Friday, August 27, 2021

 

Town and Country

Richard Jenkyns, Virgil's Experience. Nature and History: Times, Names, and Places (Oxford: Oxford University Press, 1998), p. 174:
[W]e have grown up with the idea of town and country as two separate spheres, whose economies and ways of life are sharply distinct. That is an anachronistic model for almost all the ancient world, and indeed for almost all societies before the Industrial Revolution. Plenty of industry and manufacturing went on in the small country towns of the ancient world and outside them: the making of clothes, the processing of food, building, milling, tanning, fulling, smithying.109 In the course of the nineteenth century mass production and the railway train concentrated manufacturing in larger centres and drew the non-agricultural population away from the country. The number of nailsmiths in Upper Austria dropped from two hundred and ninety-nine to sixty-seven between 1870 and 1890; a village in the Dauphiné which had some thirty-five craftsmen or artisans in 1851 had no more than five by 1896 (a cobbler, a wheel-wright, a dressmaker, a carpenter and a mason), and after 1914 only two.110 Virgil will have grown up in a world where the division between those who lived off the soil and those who drew their income from a city economy was much less marked than the one to which we are used.

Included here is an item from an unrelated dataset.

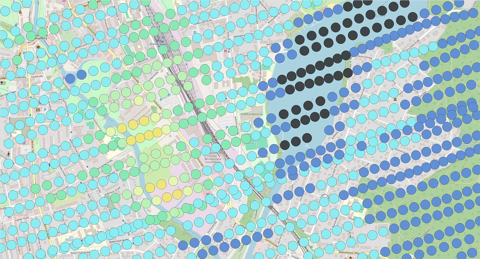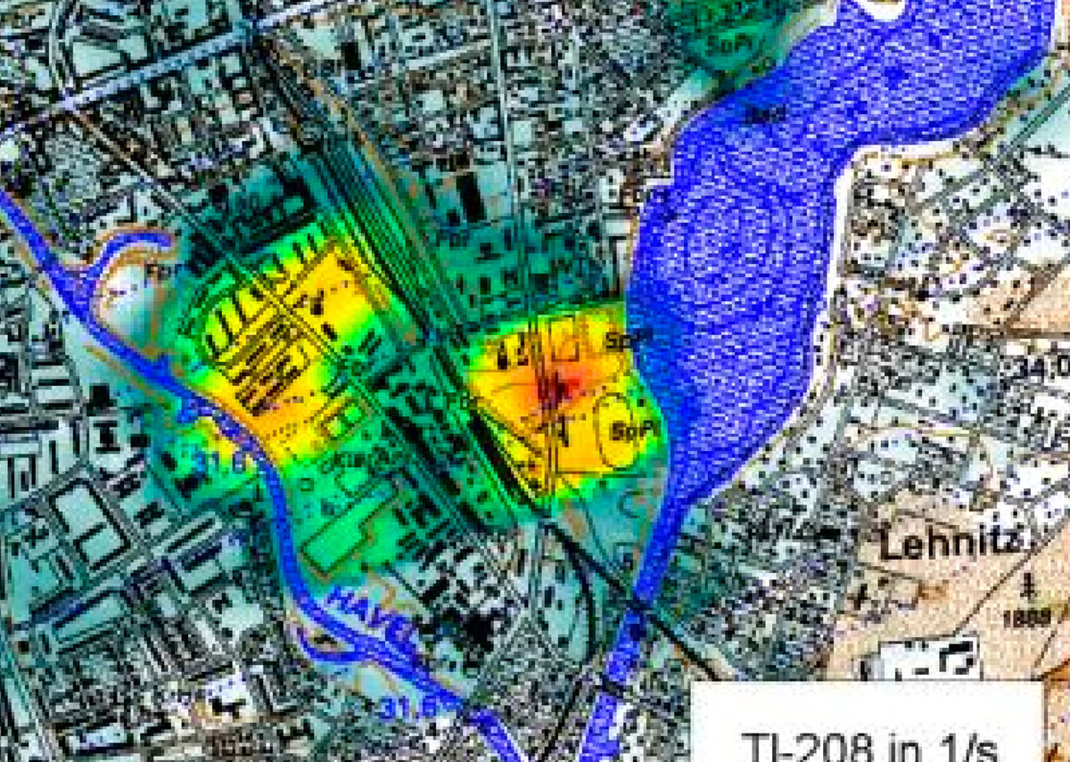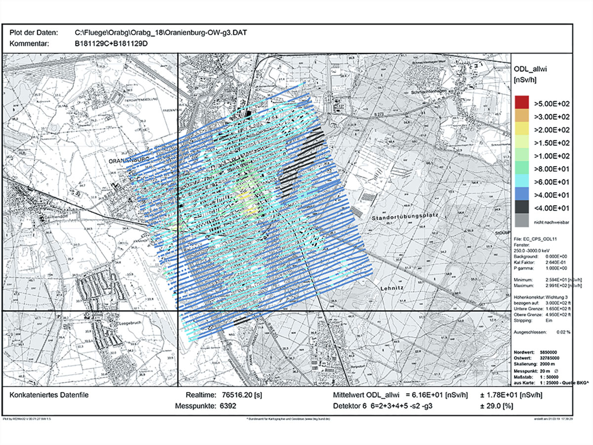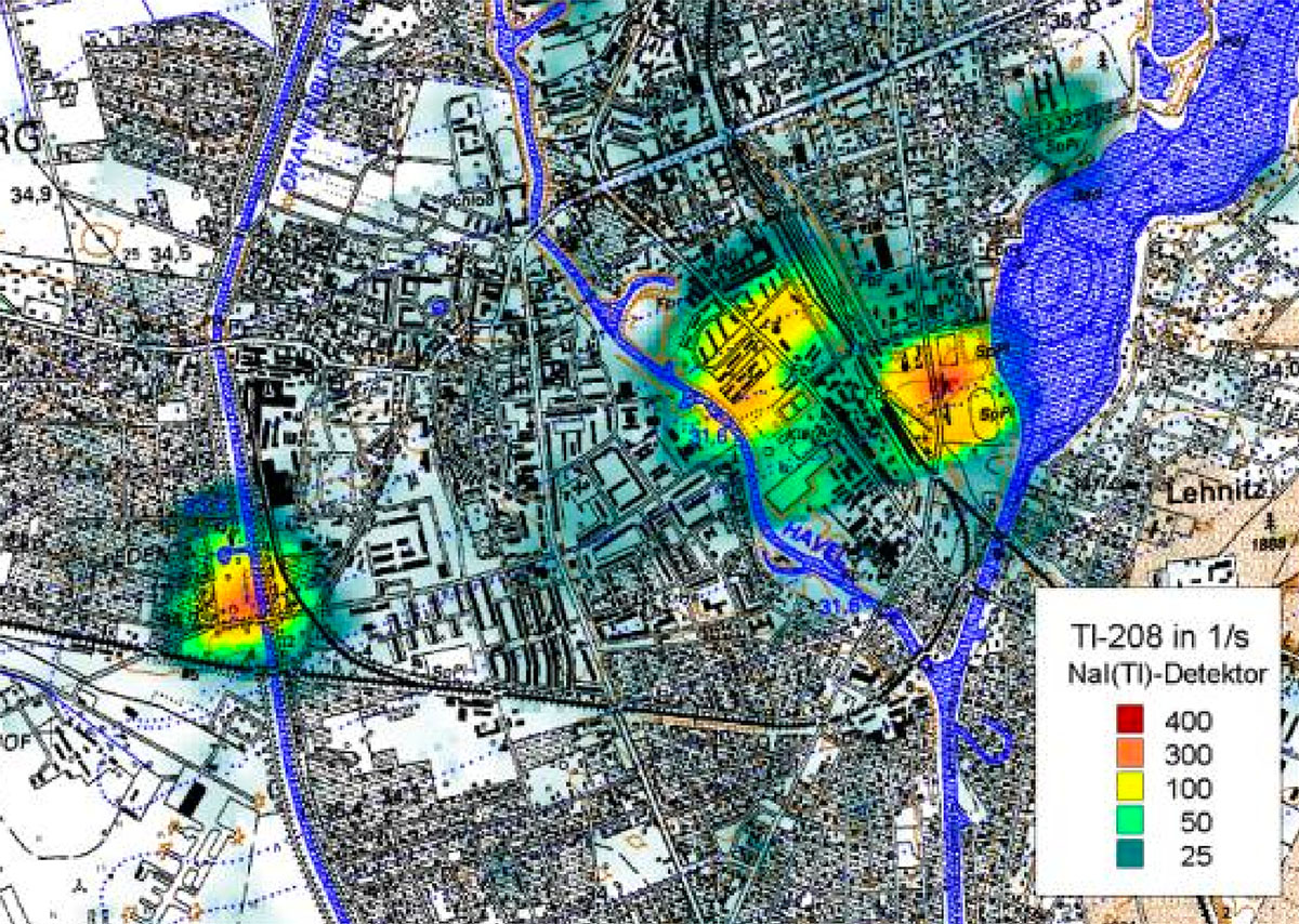 In July 1997, an area of 45 km² around the city of Oranienburg was systematically scanned by helicopter flight on behalf of the »Bundesamt für Strahlenschutz«. The aircraft was equipped with a gamma spectrometer that recorded radiation anomalies on parallel flight paths at an altitude of 200 m. Already after the fall of the inner German border, in 1991, the responsible Landesbundesamt had carried out measurements of the local gamma dose rate on the ground. Both measurement campaigns confirmed what was already known during the GDR era: individual areas in Oranienburg had gamma values up to a thousand times higher than the regional average.

109 F. Millar, 'The World of the Golden Ass', JRS 71 (1981), 63-75, at 72 f.: 'What is more striking in Apuleius is the level and nature of economic activity outside the towns, first in villages ... , and secondly in the countryside itself', 72. Of course Apuleius' novel reflects a world two centuries later than Virgil's. but it will not in these respects have been very different. (For comparison with a more recent period, a study of towns in the Var in the nineteenth century with a population between 1,500 and 5,000 noted a considerable number of small industries like tanneries, paper-mills, silk-weaving, cork, and oil manufacture (T. Zeldin, France 1848-1945: Politics and Anger (Oxford, 1979), 113).

110 N. Stone, Europe Transformed 1878-1919 (London, 1983), 25 (nailsmiths); Zeldin, France 1848-1945: Ambition and Love (1979), 179.